Post date: Jul 19, 2015 1:22:12 AM
"Of all right triangles with integer sides and where the total length of all sides is 1.5 million or less, how many total lengths can be formed by only a configuration of sides?"
These triads of numbers are called Pythagorean triples. Euclid's formula generates all primitive pythagorean triples from pairs of integers m and n.
a = m**2 - n**2
b = 2*m*n
c = m**2 + n**2
* A pythagorean triple is made up of either 3 even numbers or 2 odd numbers and 1 even number. Number b is even, so the other two must either be both odd or both even. This means that a and c are either both even or both odd.
* m and n must be coprime, which means that both cannot be even. In addition, m-n must be odd, which means they both cannot be odd. One is even and one is odd.
* We also need to pull out one of our GCD calculations, IsProper, to pull out the few records that are multiples of other records in the list.
CREATE FUNCTION dbo.IsProper(@a int, @b int)
RETURNS BIT
AS
BEGIN
IF @a = 1 OR @b = 1
RETURN 1
ELSE IF @a % @b = 0
RETURN 0
ELSE IF @b % @a = 0
RETURN 0
WHILE 1 = 1
BEGIN
IF @a = 1 OR @b = 1
RETURN 1
ELSE IF @a = @b
RETURN 0
ELSE IF @a % 2 = 0 AND @b % 2 = 0
RETURN 0
ELSE IF @a % 2 = 0
SELECT @a = @a/2
ELSE IF @b % 2 = 0
SELECT @b = @b/2
ELSE IF @b > @a
SELECT @b = (@b - @a)/2
ELSE IF @a > @b
SELECT @a = (@a - @b)/2
END
RETURN 1
END
GO
CREATE TABLE #Integers (i BIGINT PRIMARY KEY NOT NULL)

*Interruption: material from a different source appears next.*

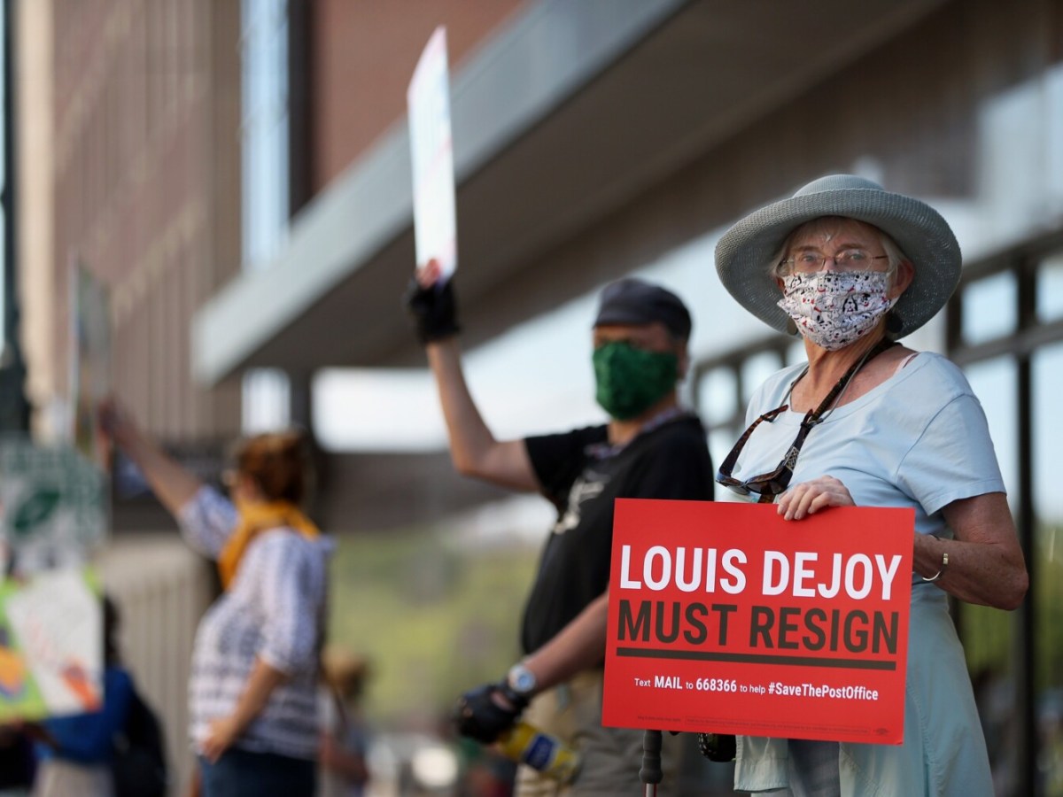 The protesters demand the resignation of Postmaster General Louis DeJoy and say the postal crisis was manufactured by President Trump to boost his re-election.

INSERT INTO #Integers VALUES (0), (1), (2), (3), (4), (5), (6), (7), (8), (9)
; WITH Integers (i) AS
(
SELECT o.i +
10 * d.i +
100 * h.i +
1000 * k.i +
10000 * k10.i +
100000 * k100.i
FROM #Integers o
CROSS JOIN #Integers d
CROSS JOIN #Integers h
CROSS JOIN #Integers k
CROSS JOIN #Integers k10
CROSS JOIN #Integers k100
WHERE k100.i <= 1
)
INSERT INTO #Integers
SELECT i
FROM Integers
WHERE i BETWEEN 10 AND 124000
DELETE FROM #Integers WHERE i = 0
-- In Euclid's equation, we find out that the hypotenuse is m**2 + n**2. All sides must be under 1.5 million, which means of course that no single side can be over 1.5 million.
-- If one value is 1, then the other value squared is almost 1.5 million. If we limit the table to 1225 (roughly the square root of 1.5 million), we can cover the biggest value allowed.
CREATE TABLE #Evens (i BIGINT NOT NULL, s BIGINT PRIMARY KEY NOT NULL)
CREATE TABLE #Odds (i BIGINT NOT NULL, s BIGINT PRIMARY KEY NOT NULL)
INSERT INTO #Evens
SELECT i, SQUARE(i)
FROM #Integers
WHERE i % 2 = 0
AND i <= 1225
INSERT INTO #Odds
SELECT i, SQUARE(i)
FROM #Integers
WHERE i % 2 != 0
AND i <= 1225
-- Generate our list of primitive triangles (sides are the smallest possible, not multiples of other triangles).
CREATE TABLE #Triangles (a BIGINT NOT NULL, b BIGINT NOT NULL, c BIGINT NOT NULL, s INT NOT NULL)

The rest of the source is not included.